Other symptoms may include miosis, mydriasis, fever, sweating, pallor, cyanosis, palpitations, tachycardia, bradycardia, cardiac arrhythmia, cardiac arrest, arterial hypertension, shock hypotension, nausea and vomiting, respiratory depression, and apnea, as well as psychogenic disorders.

In children, overdose often leads to predominant central nervous system effects, including seizures and coma, bradycardia, apnea, and arterial hypertension, which may follow an initial phase of hypotension.

In cases of severe overdose, intensive therapy in a hospital setting is indicated. Activated charcoal (adsorbent), sodium sulfate (laxative), or gastric lavage (in case of ingestion of large quantities of the medicinal product) should be administered immediately, as oxymetazoline may be rapidly absorbed. Vasopressor agents are contraindicated. Non-selective α-blockers may be used as antidotes. If necessary, anticonvulsant therapy, lung ventilation, and measures to reduce body temperature should be implemented.

Side effects

The frequency of adverse reactions is classified as follows:

Very common (≥ 1/10).

Common (≥ 1/100 to < 1/10).

Uncommon (≥ 1/1,000 to < 1/100).

Rare (≥ 1/10,000 to < 1/1,000).

Very rare (< 1/10,000).

Not known (cannot be estimated from the available data).

Nervous system disorders:

Very rare: restlessness, insomnia, fatigue (drowsiness, sedative effect), headache, hallucinations (especially in children).

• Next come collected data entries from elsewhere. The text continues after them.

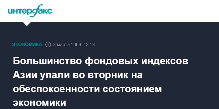 Москва. 3 марта. INTERFAX.RU - Большинство фондовых площадок сран Азиатско-Тихоокеанского региона во вторник продемонстрировали снижение на опасениях ухудшения экономической ситуации в регионе, сообщило агентство Bloomberg.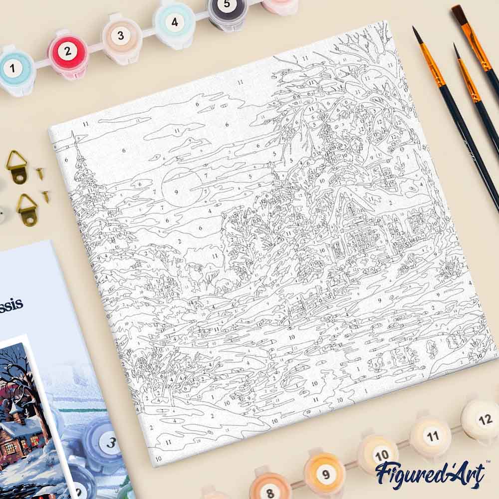 Mini Pintar por Números 20x20cm con bastidor Encantadora Cabaña Invernal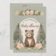 This adorable woodland forest design features a cute brown bear surrounded by blush florals and trees.
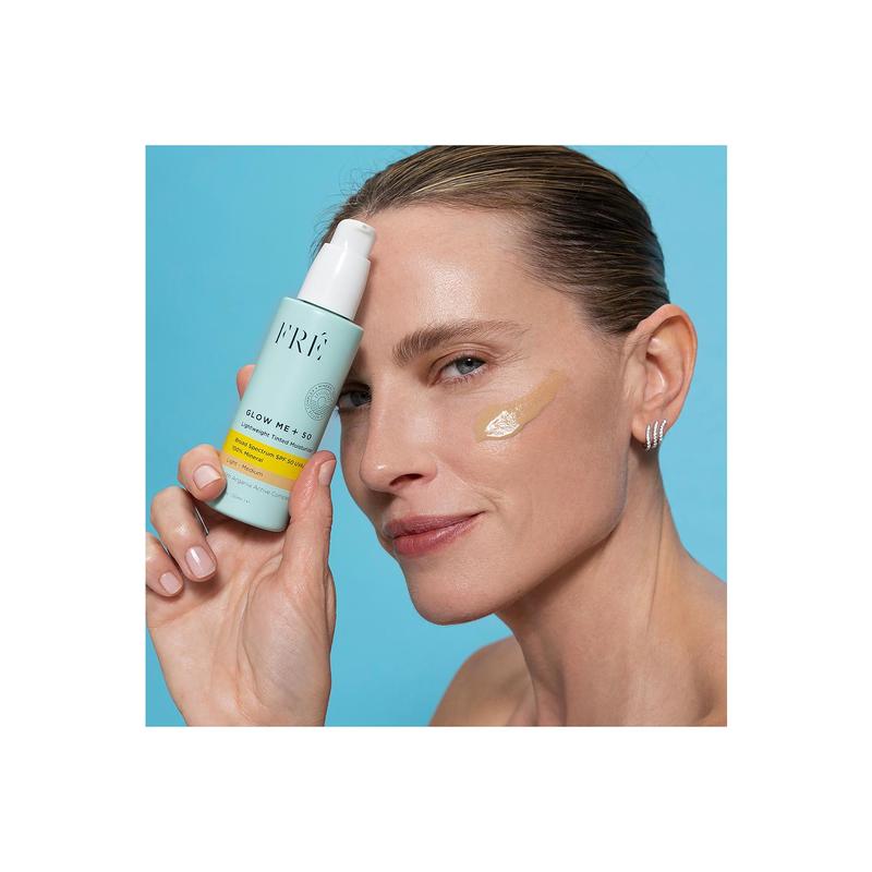 ·GLOW ME+ 50 is a breakthrough lightweight tinted moisturizer that delivers FRÉ's proprietary antioxidant patent (Argania Active Complex™), SPF 50 mineral sunscreen, and adapts to your skin tone for a dewy glow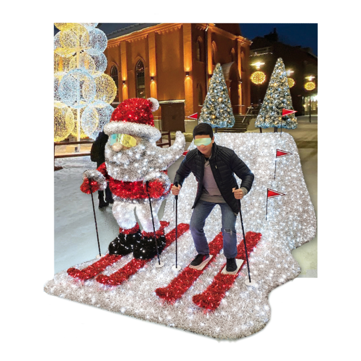 This large Christmas display is sure to draw customers and visitors in and help them get into the Christmas spirit! The ski slope photo op features a life-size Santa on skis, next to an empty spot for the photo subject to stand. Perfect for customers to make cherished Christmas memories. The display is 11.2' tall, 14.4' wide, and 9.2' deep. 210 watts, 24 volts, includes a power supply.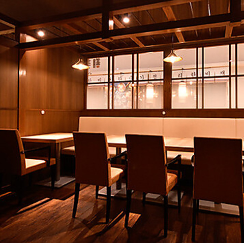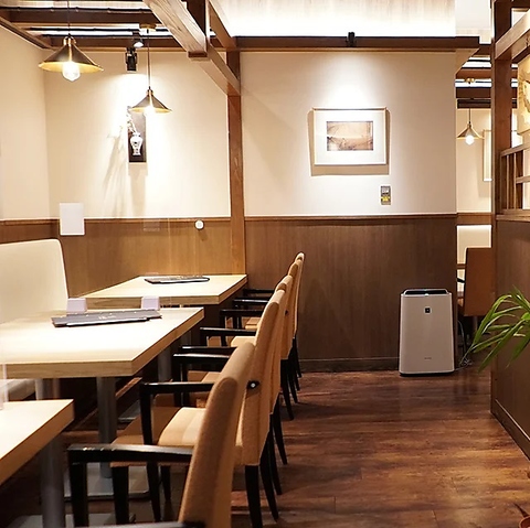 洗練されたオシャレな空間で、ゆったりとお食事をお楽しみいただけます。木目を基調とした内装と暖色の照明が、心地よい温かみを演出し居心地も抜群。テーブル席は広々としており、お1人様からグループまで、様々なシーンでご利用いただけます。

Cardiovascular system disorders:

Rare: palpitations, tachycardia, arterial hypertension.

Very rare: arrhythmias.

Respiratory, thoracic and mediastinal disorders:

Common: burning sensation and dryness of nasal mucosa, sneezing.

Uncommon: rebound congestion, increased swelling of the mucous membrane, epistaxis after discontinuation of use.

Very rare: apnea in infants and newborns.

Musculoskeletal and connective tissue disorders:

Very rare: convulsions (mainly in children).

Immune system disorders:

Uncommon: hypersensitivity reactions (angioedema, rash, pruritus).

Reporting suspected adverse reactions

Reporting suspected adverse reactions after marketing authorization is highly important. It allows continued monitoring of the benefit-risk balance of the medicinal product. Healthcare professionals and patients, as well as their legal representatives, are encouraged to report any suspected adverse reactions and lack of efficacy through the automated pharmacovigilance information system at the following link: https://aisf.dec.gov.ua.

Shelf life: 3 years.

After first opening of the bottle, do not store for more than 6 months.

Storage conditions: Store at a temperature not exceeding 25 °C. Keep out of reach and sight of children.

Packaging: 10 ml in a bottle with a dosing device, 1 bottle in a cardboard box. The bottle contains at least 143 sprays.

Classification for supply: Over-the-counter.

Manufacturer:

1. Sofarimex – Indústria Química e Farmacêutica, S.A.

2. Procter & Gamble Manufacturing GmbH

Manufacturer's address and place of business:

1. Av. das Indústrias - Alto do Colaride, Cacém, 2735-213, Portugal.

2. Procter & Gamble Strasse 1, 64521 Groß-Gerau, Hesse, Germany.